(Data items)
= = =

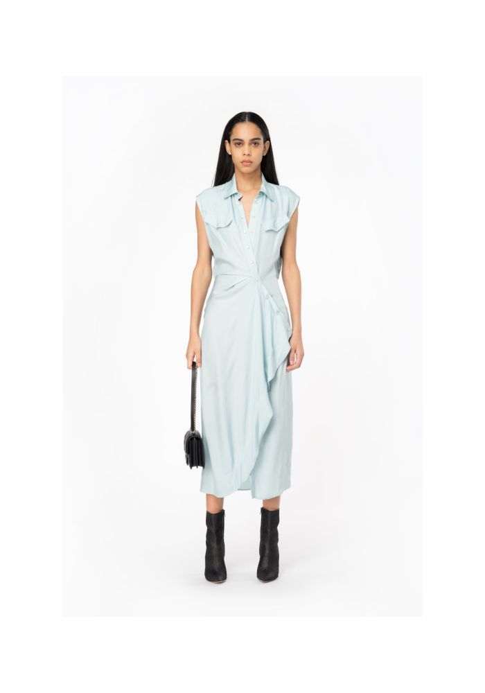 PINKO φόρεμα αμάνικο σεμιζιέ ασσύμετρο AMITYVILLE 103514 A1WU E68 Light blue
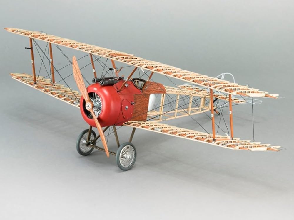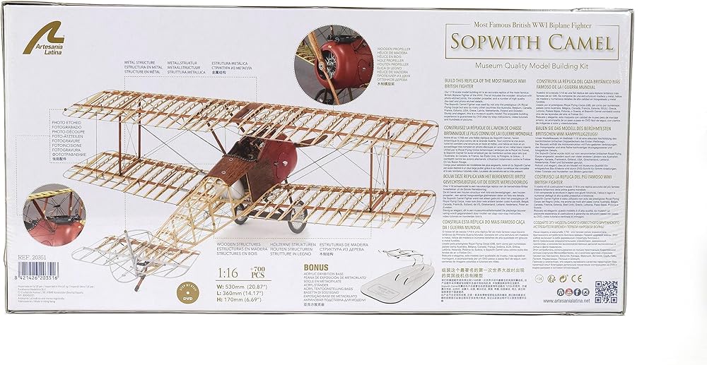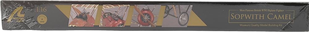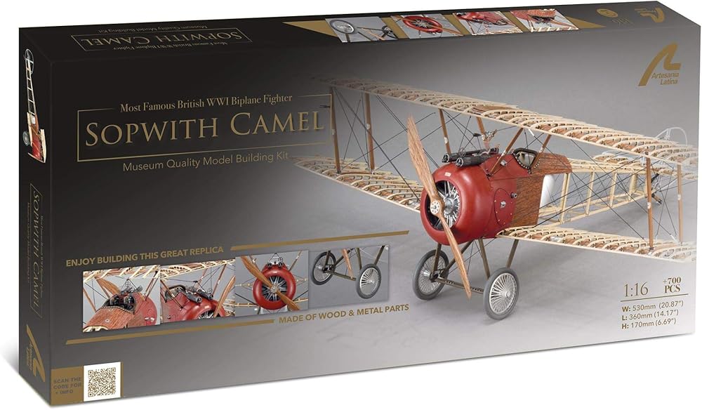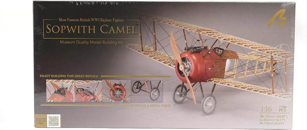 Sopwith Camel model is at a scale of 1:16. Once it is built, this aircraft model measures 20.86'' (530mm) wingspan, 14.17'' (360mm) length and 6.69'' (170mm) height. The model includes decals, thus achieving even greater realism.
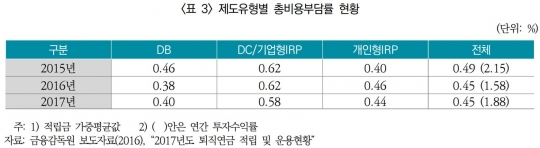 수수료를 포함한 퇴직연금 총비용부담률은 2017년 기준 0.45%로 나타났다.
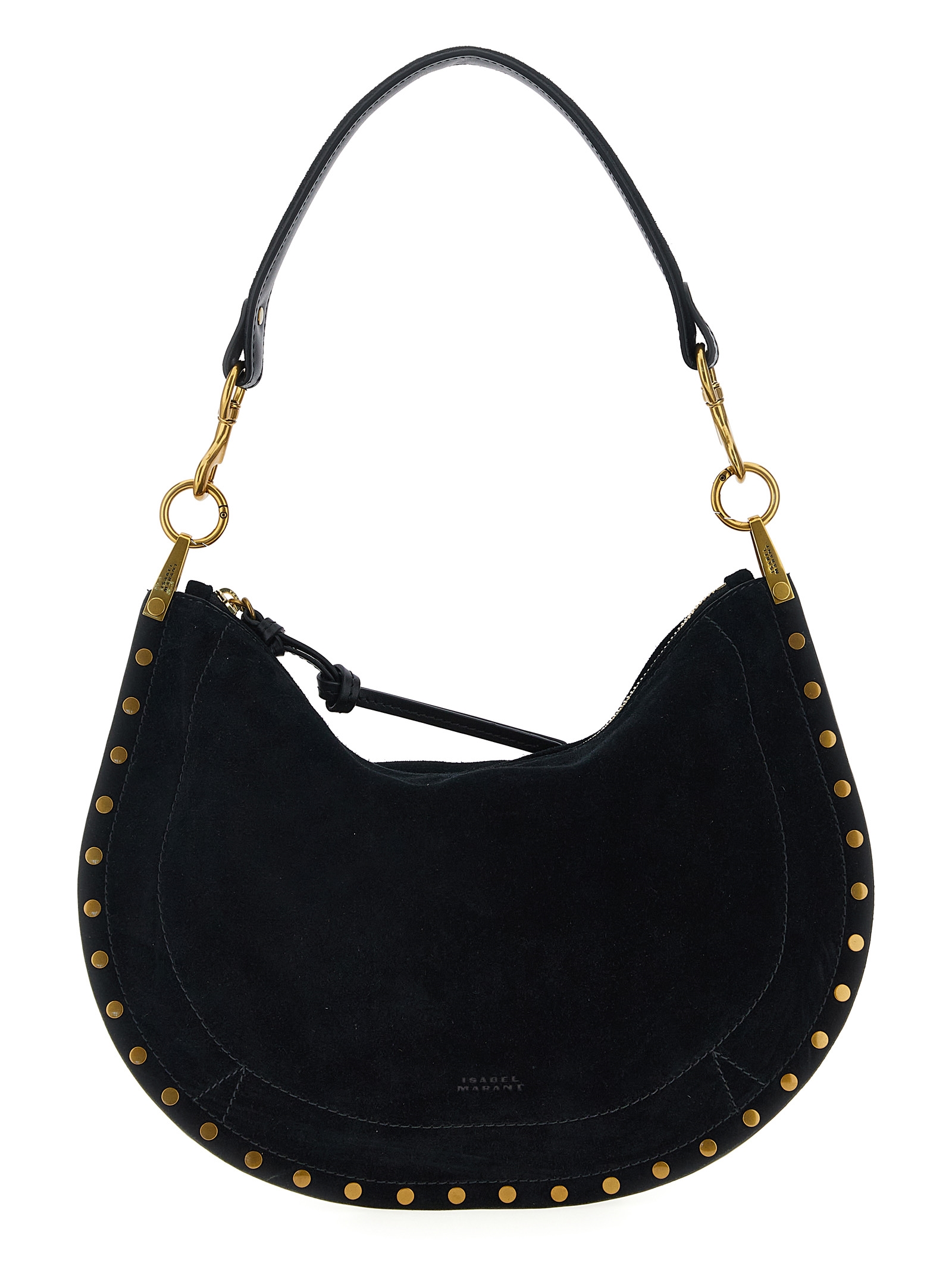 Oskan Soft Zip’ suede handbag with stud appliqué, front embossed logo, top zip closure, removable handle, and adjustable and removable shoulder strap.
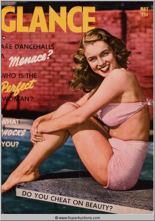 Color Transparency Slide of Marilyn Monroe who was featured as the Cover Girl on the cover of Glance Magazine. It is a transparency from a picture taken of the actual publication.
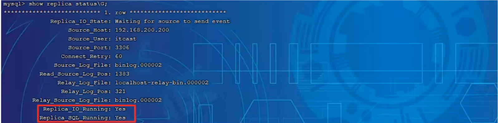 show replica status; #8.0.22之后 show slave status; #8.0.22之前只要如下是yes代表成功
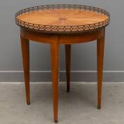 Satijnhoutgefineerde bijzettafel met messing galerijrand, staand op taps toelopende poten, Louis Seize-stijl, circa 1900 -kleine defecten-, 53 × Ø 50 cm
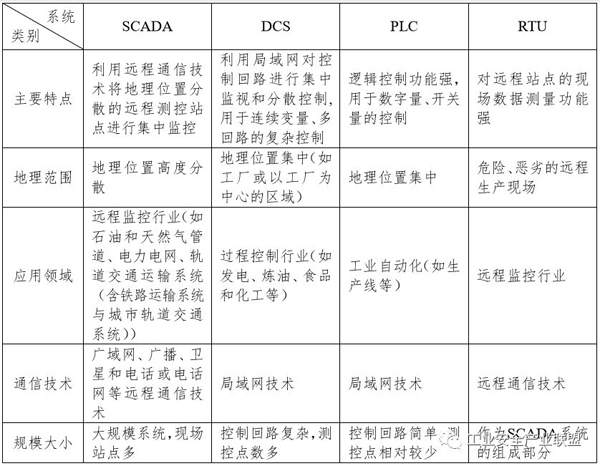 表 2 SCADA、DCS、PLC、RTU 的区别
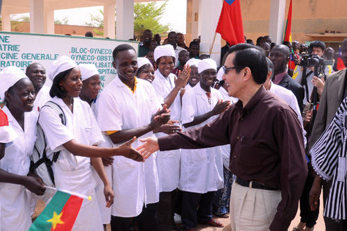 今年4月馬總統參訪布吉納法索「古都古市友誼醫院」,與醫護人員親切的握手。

= = =

What is needed: Pictures aside, return all the entries above exactly.

Answer space:
 PINKO φόρεμα αμάνικο σεμιζιέ ασσύμετρο AMITYVILLE 103514 A1WU E68 Light blue
 Sopwith Camel model is at a scale of 1:16. Once it is built, this aircraft model measures 20.86'' (530mm) wingspan, 14.17'' (360mm) length and 6.69'' (170mm) height. The model includes decals, thus achieving even greater realism.
 수수료를 포함한 퇴직연금 총비용부담률은 2017년 기준 0.45%로 나타났다.
 Oskan Soft Zip’ suede handbag with stud appliqué, front embossed logo, top zip closure, removable handle, and adjustable and removable shoulder strap.
 Color Transparency Slide of Marilyn Monroe who was featured as the Cover Girl on the cover of Glance Magazine. It is a transparency from a picture taken of the actual publication.
 show replica status; #8.0.22之后 show slave status; #8.0.22之前只要如下是yes代表成功
 Satijnhoutgefineerde bijzettafel met messing galerijrand, staand op taps toelopende poten, Louis Seize-stijl, circa 1900 -kleine defecten-, 53 × Ø 50 cm
 表 2 SCADA、DCS、PLC、RTU 的区别
 今年4月馬總統參訪布吉納法索「古都古市友誼醫院」,與醫護人員親切的握手。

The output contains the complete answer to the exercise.